Does anyone know of any decent RV parks around the 
Melaque, Barra de Navidad, aL Paz, La Manzanilla areas?
My wife and I would like ot be close to the ocean so if you know of any right near or on the ocean we would appreciate knowing about them as well.


----------



## RVGRINGO (May 16, 2007)

Go to mexicorvforums.com and you'll find several mentioned.


----------



## sparks (Jun 17, 2007)

There's one left in Boca de Iguanas that gets pretty good reviews (just north of La Manzanilla).
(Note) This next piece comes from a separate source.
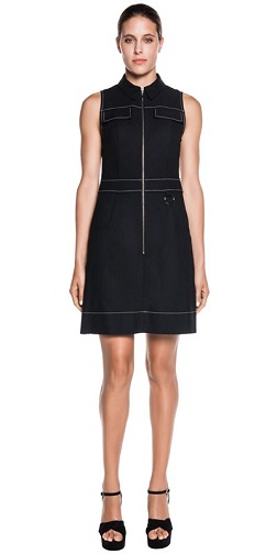 A new design style is top stitching. This technique involves having the garment stitched with a contrast color thread on top to give it a design. This top-stitched cotton dress is very structured and the front zip gives it a tailored look.

The one in Melaque most used is Laguna del Tule ... should be able to find that on the web. Trailer Park Playa (downtown) is closed for off season because they want to sell it. Was open last winter. A new French Canadian owned trailer park is open on the west end of Melaque but unsure how private it is. It's fairly large


----------



## johnmex (Nov 30, 2010)

I live right next door to San Jose del Tajo trailer park. It looks like a dump.


----------



## telcoman (Feb 11, 2010)

Laguna del Tule in melaque is right on the water. It is popular and you need reservations Nov through March. See Bungalows Laguna del Tule - Melaque Jalisco México

There is an overview map of the locations of all Mexican RV parks at Mexico RV Forums

Anyone taking an RV into Mexico should not be without ta copy of "Mexican Camping" by Mike & Terri Church.


----------